Tuesday, 02 January 2024 12:17 GMT

China Tightens Grip On Catholic Clergy By Imposing Travel Control Rules: Report


(MENAFN- IANS) Colombo, Feb 5 (IANS) China has enforced passport control for years as a key tool of the Chinese Communist Party's (CCP) governance system, requiring officials and employees in sensitive sectors to obtain permission for overseas travel, disclose itineraries, and report after returning from abroad.

Extending this system to Catholic clergy signals a shift in Beijing's perception of religious figures, treating them less as spiritual leaders and more as individuals whose movements and interactions require close monitoring, a report said on Thursday.

According to a report in the Sri Lankan newspaper 'Daily Mirror', China has recently unveiled extensive new internal rules aimed at tightening state oversight of Catholic clergy, expanding the CCP's longstanding exit controls to bishops, priests, deacons, and nuns nationwide.

The new regulations, it said, require Catholic clergy to hand over their passports and all other travel documents, permitting foreign travel only after prior authorisation and subject to mandatory reporting upon return.

“The measures, adopted on December 16, mark a notable escalation in Beijing's management of religious personnel and further blur the line between religious administration and political supervision.

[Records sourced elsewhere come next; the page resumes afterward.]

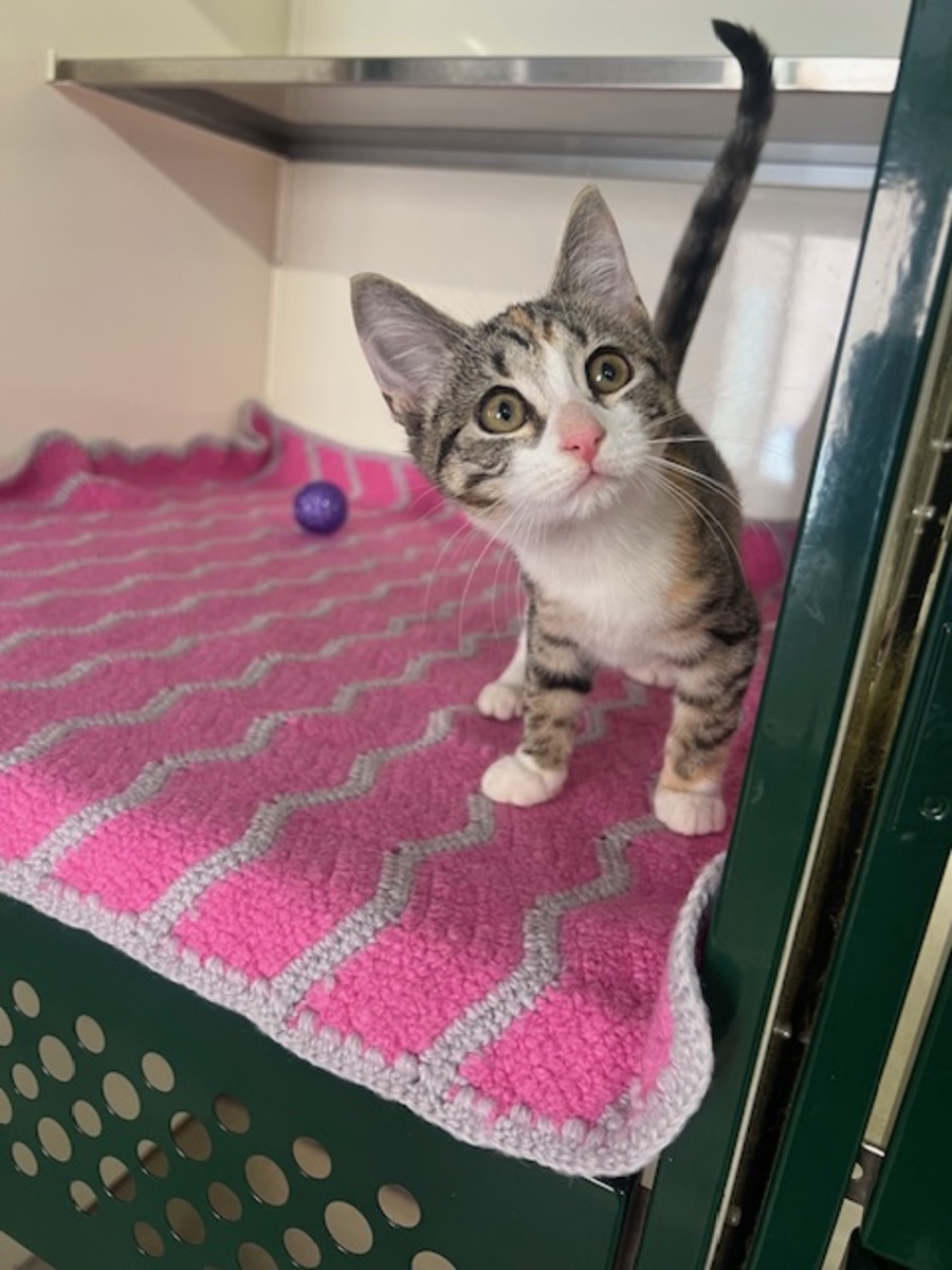 Piccolo is a playful and affectionate kitten with a heart full of love and a purr that never stops. She thrives on cuddles and is always ready to snuggle up in your arms, purring contentedly as you give her all the attention she craves. With her confident and curious personality, Piccolo loves to explore and play, but she also knows that the best moments are when she’s curled up close to her humans.
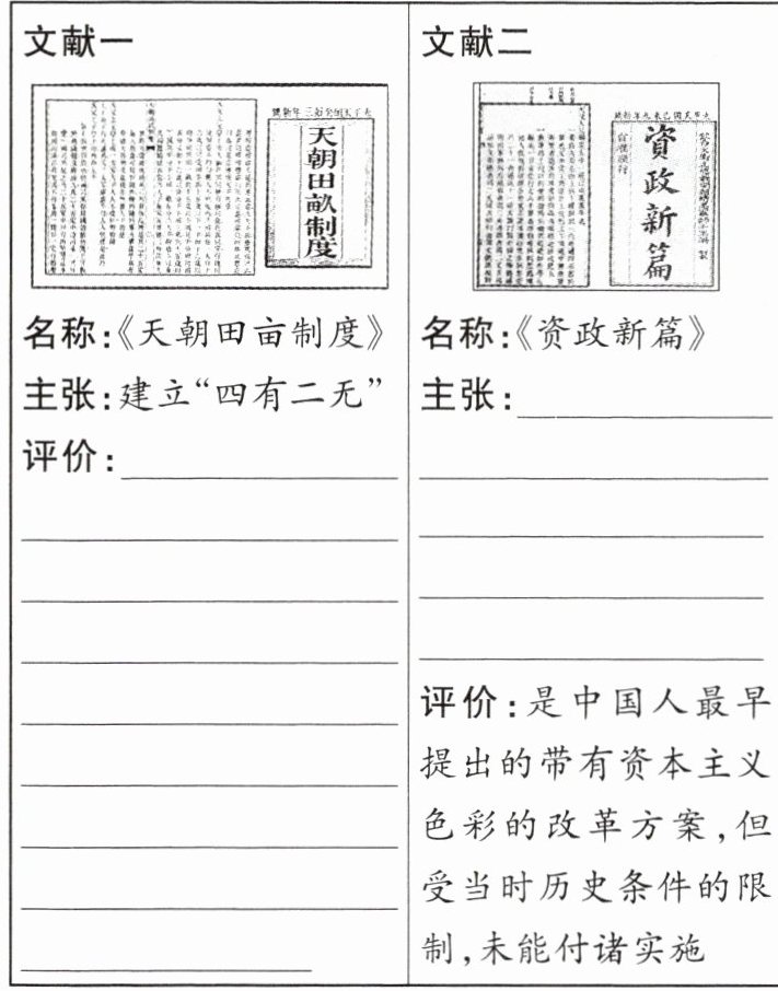 | 名称:《天朝田亩制度》主张:建立"四有二无"评价:______ | 名称:《资政新篇》主张:______评价:是中国人最早提出的带有资本主义色彩的改革方案,但受当时历史条件的限制,未能付诸实施 |
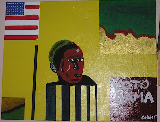 Du coup, j'en ai profité pour terminer un autre canevas que je mets en photo ici. J'avais terminé une toile à propos de la campagne qui appelait à voter Obama. Le Figaro-Web l'a même publiée comme l'oeuvre d un "artiste local appelant à soutenir le candidat noir". Pas mal tout de même de savoir que je suis désormais un artiste local.
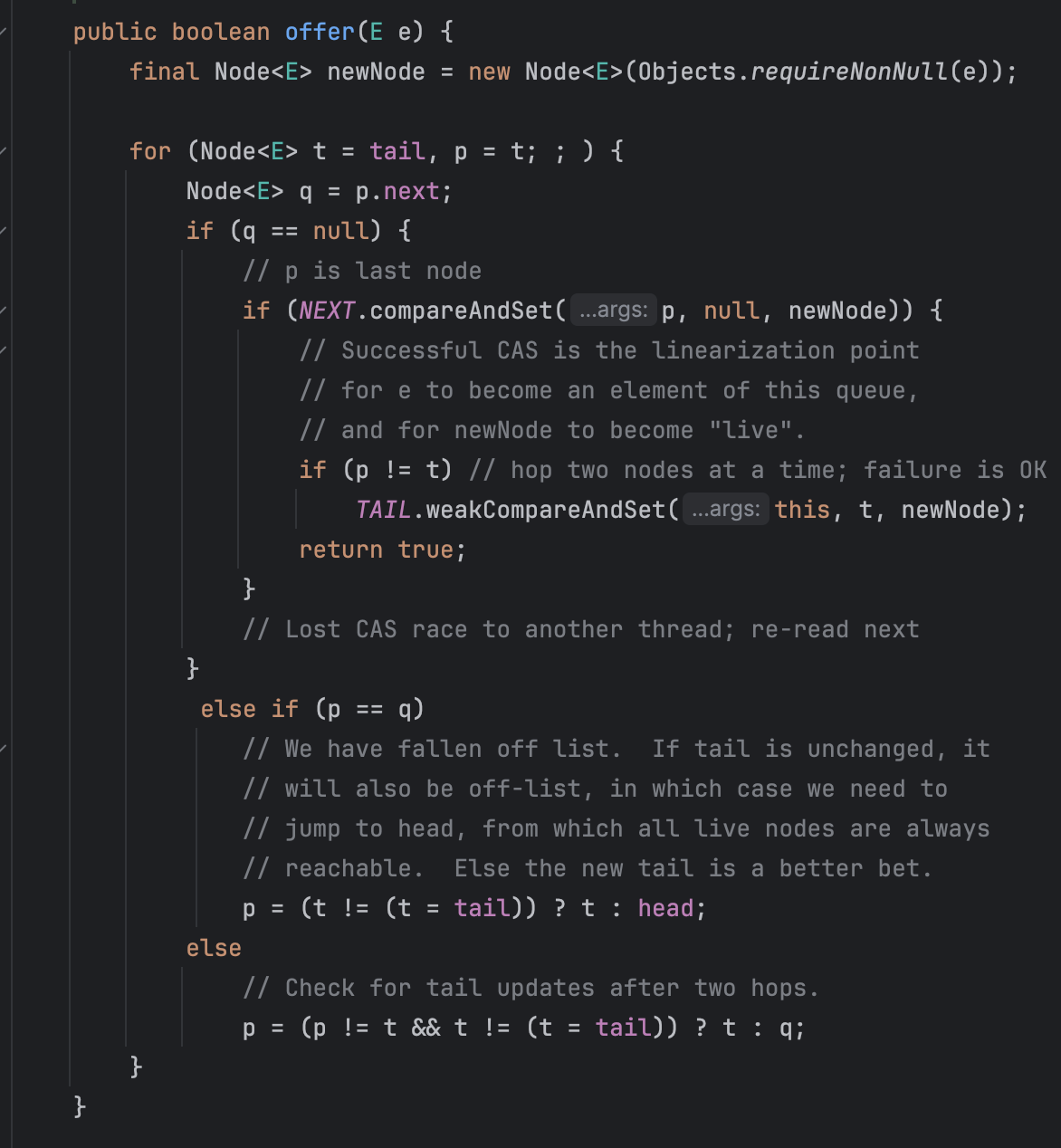 첫번째 if문을 보면 꼬리에 원소를 삽입하려고 하는데, CAS 연산을 해서 꼬리 다음의 원소가 null이면 newNode를 저장하는 로직이 있다. 이후 TAIL 노드도 업데이트를 진행한다. 여기에서 만약 두 스레드가 동시에 원소 삽입을 했지만, 먼저 삽입되는 원소가 있다면 하나는 if (NEXT.compareAndSet(p, null, newNode)를 통과하지 못하고, 다시 for문을 처음부터 돌릴 것이다. 이러면 락 없이 동시성 문제도 해결 가능하다.
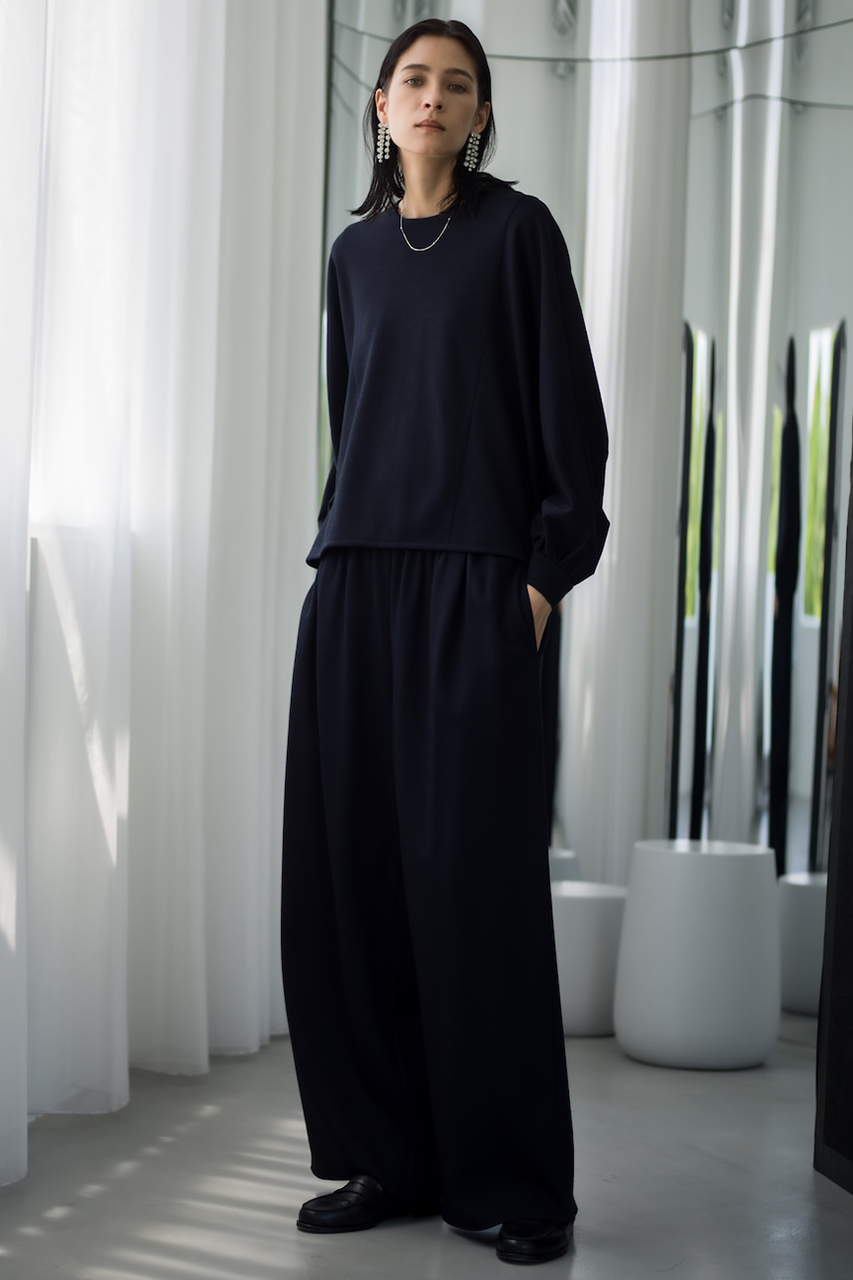 長く愛せるデイリースウェットなら、大人を知り尽くした「エブール」にまかせて。ゆとりのある身幅を裾に向かって少しスッキリとさせることで、実際に着た時にバックが長く、膨らみのニュアンスが出るように仕上げました。カジュアルなスタイリングはもちろん、プリントやジャカードなどのきれいめスカートと合わせても素敵。
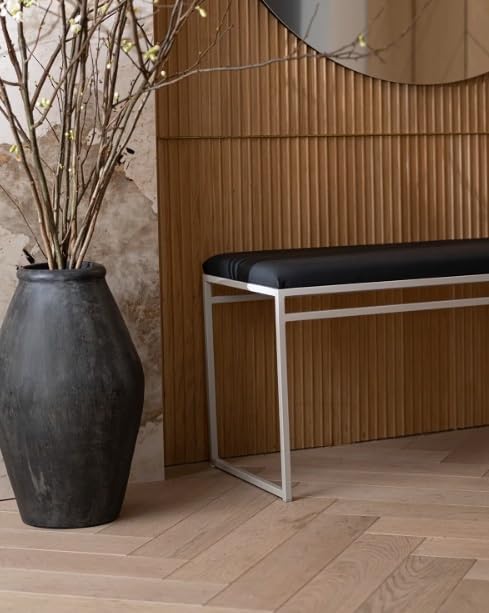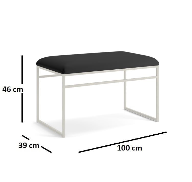OGFC - مقعد مدخل 64301 من او جي اف سي، مقعد مدخل للمنزل والمكتب، وسادة جلد صناعي اسود واطار معدني رمادي، مناسب لغرفة المعيشة/غرفة النوم/المكتب (100 سم × 46 سم × 39 سم)
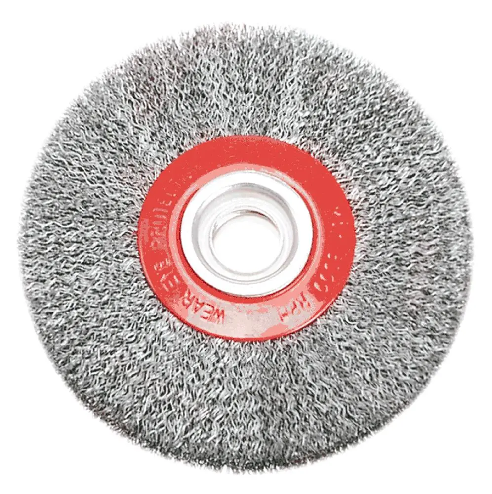 Дротяна щітка VERTO (арт. 62H211) діаметром 150 мм, виготовлена зі сталевого дроту товщиною 0,33 мм. Посилена конструкція кузова дозволяє ефективно очищати металоконструкції. Кріплення адаптоване для використання з настільними шліфувальними машинами. Бренд VERTO пропонує широкий асортимент електроінструментів та аксесуарів для кожного майстра.
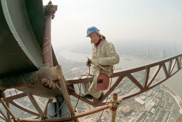 一名年轻的电焊工在离地300米的高空建设“东方明珠”,他身下是正在建设中的浦东新区。
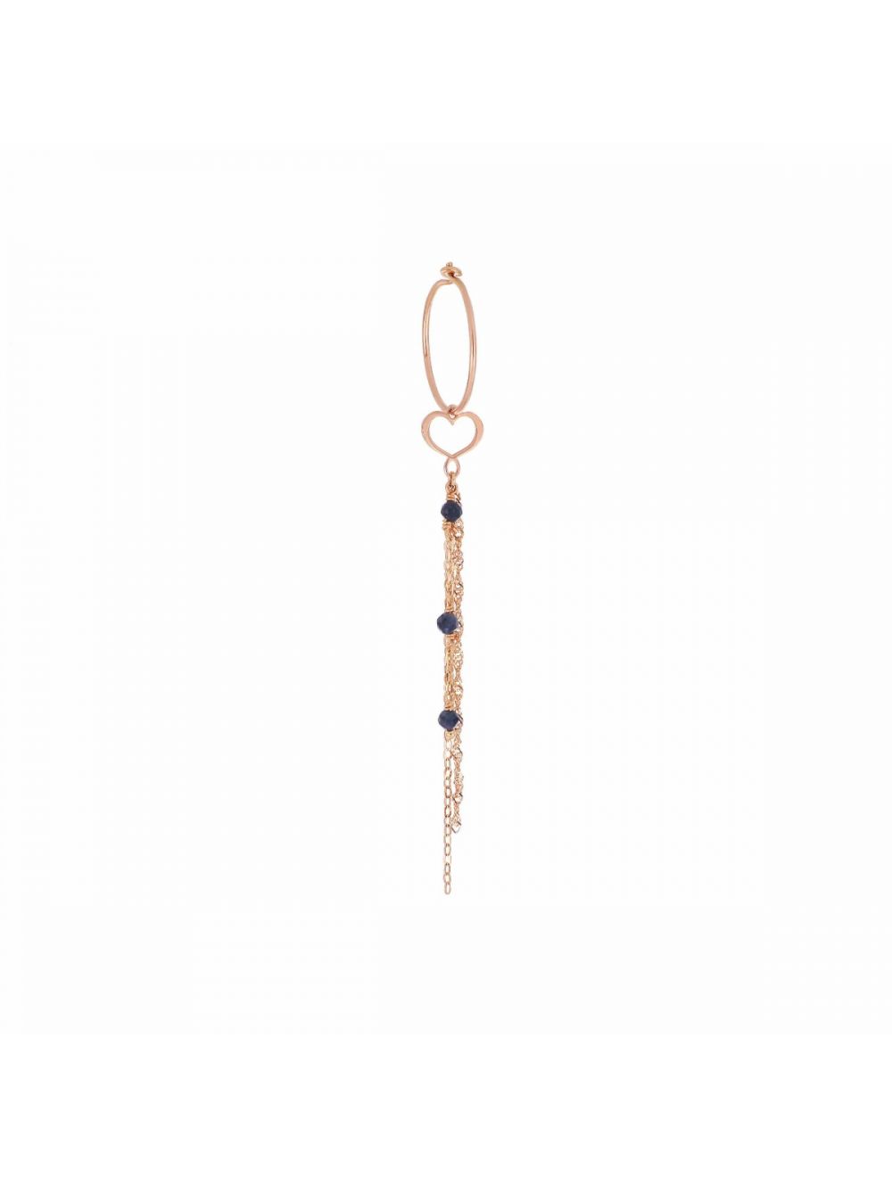 Orecchino a cerchio singolo realizzato in oro rosa 18 carati con cuore Maman traforato e cascata di catene e rosario di Zaffiri blu. Il cerchio misura 13 mm di diametro e l'orecchino è lungo complessivamente 58 mm.
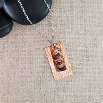 This rad little pretty turns the smallest scrap of surfboard waste into a wearable sun catcher. Never feel far from the surf when you #wearyoursunshine. She's perfect to layer with other Betty necklaces ,or, give her the spotlight worn solo. THE STORY: Each color stripe is from an actual surfboard made in California. Those boards spend time riding waves all over the world, always linking you to the ocean. How cool is that? Check out more on how Betty takes the upcycling game to the next level in this quick read. COLOR INFO: We source leftover resin from our local Ventura surfboard builders. The colors of custom surfboards handcrafted in small batches determine what colors come together in our Signature Betty surfite jewelry. It's always a surprise & always different. One thing is for sure, they are always cool. Expect & embrace variety! Dimensions: charm is approx. 1” (2.5 cm) length 17"
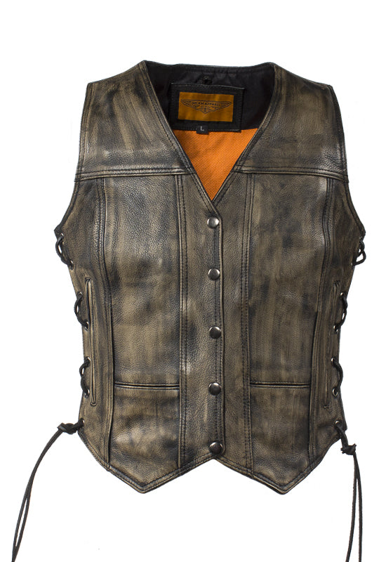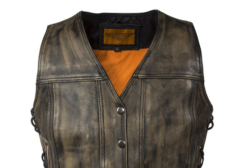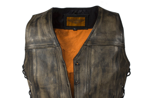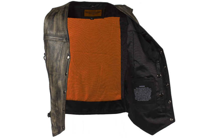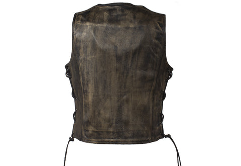 Enjoy the look and feel of our brown, heavy-duty, soft leather vest made with your personal protection in mind. Never ride alone with two deep concealed gun pockets, one on each side with double button-snap closures, and a slip pocket on the left inside for an extra clip. Make yourself comfortable with leather side laces for adjustable fit, a button-snap front closure, and a soft polyester and nylon lining. Bring along some extra items for the trip in two front stash pockets and two front pockets with zipper closures. Lastly, we left the back panel solid so that you could proudly display your club's colors and accomplishments making this incredible vest one that not only a smart choice but an amazing value.
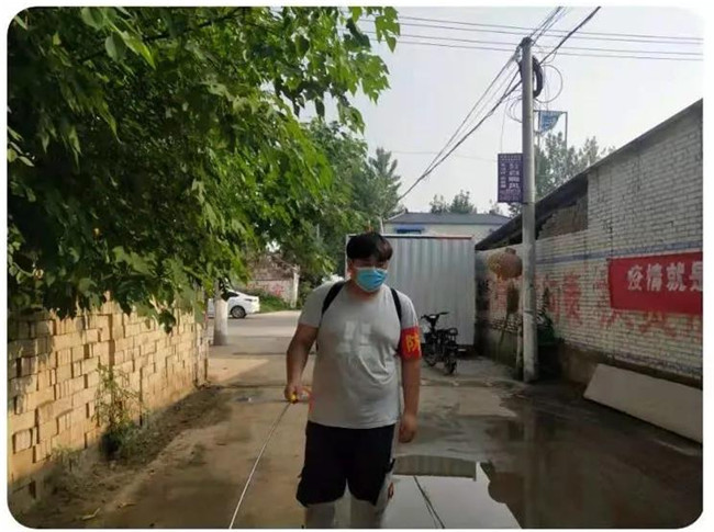 剛剛挨家挨戶統(tǒng)計(jì)完外來(lái)人員信息,汗水未干,汽車與航空工程學(xué)院新能源汽車技術(shù)1903班張浩又背起消殺器材對(duì)自己所在的濮陽(yáng)縣清河頭鄉(xiāng)東大韓村的各個(gè)角落,進(jìn)全面行消殺,尤其是村里廣場(chǎng)、健身器材、菜市場(chǎng)等位置進(jìn)行了重點(diǎn)消殺,不放過(guò)任何一個(gè)地方,不留一個(gè)死角,確保村莊能夠安全防控新冠肺炎病毒和其他病毒細(xì)菌的侵害,他用噴霧器為居民和病毒之間撐起了一把保護(hù)傘,為家鄉(xiāng)平安吹起沖鋒號(hào)。
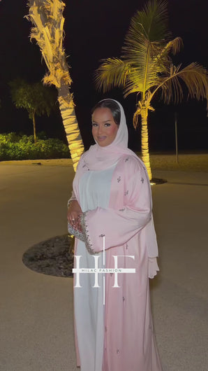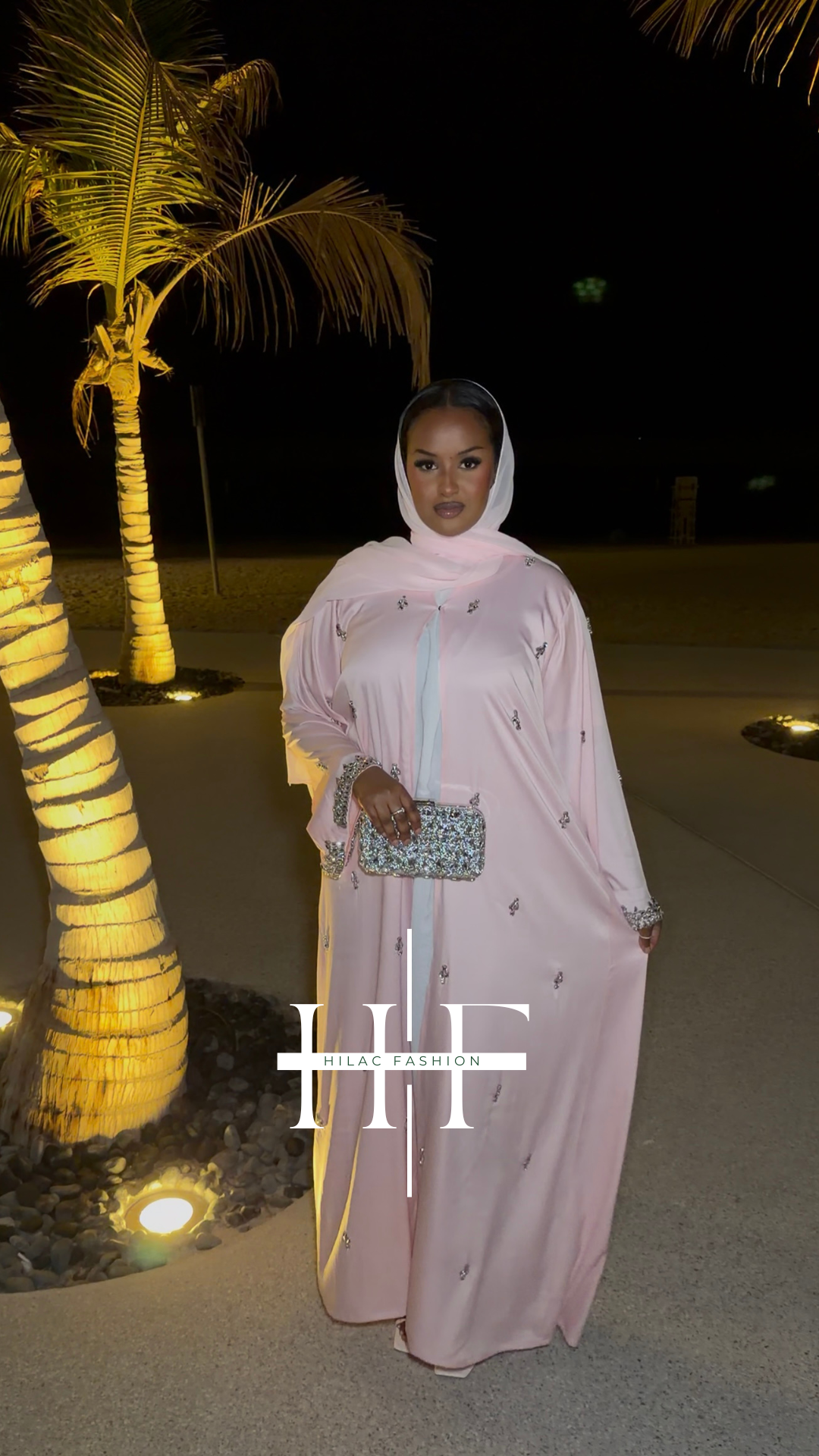 Luxury abaya in soft candy crepe, featuring wrist, body crystal stone work. Complete with matching underdress, and hijab for a glamorous look.

The rules were jointly issued by the Chinese Catholic Patriotic Association (CCPA) and the Bishops' Conference of the Catholic Church in China (BCCCC), both state-controlled bodies operating under the oversight of the Chinese Communist Party (CCP),” the report in Daily Mirror detailed.

It stressed that central to the new regulations is compulsory centralised management of travel documents, under which clergy must surrender ordinary passports, Hong Kong–Macau travel permits, and Taiwan travel permits to church authorities for collective custody.

“Individuals are no longer allowed to retain their own documents. Any overseas or cross-border travel-whether undertaken for church duties, training, conferences, or personal reasons-requires prior approval from supervising authorities. Once permission is granted, the travel documents are temporarily released for visa applications,” the report mentioned.

“Upon returning to China, clergy must surrender the documents again within seven days and submit written reports confirming their return and detailing their activities while abroad,” it further stated.

The rules stipulate that unauthorised itinerary alterations, extended stays, or failure to surrender documents will be treated as violations subject to disciplinary action.

“This system closely mirrors the CCP's long-established exit controls imposed on government officials, party cadres, and executives of state-owned enterprises, whose passports are routinely confiscated to prevent defections, limit foreign contact, and ensure political compliance. By extending this framework to Catholic clergy, the authorities appear to be categorising religious personnel as politically sensitive actors rather than purely spiritual figures,” the report noted.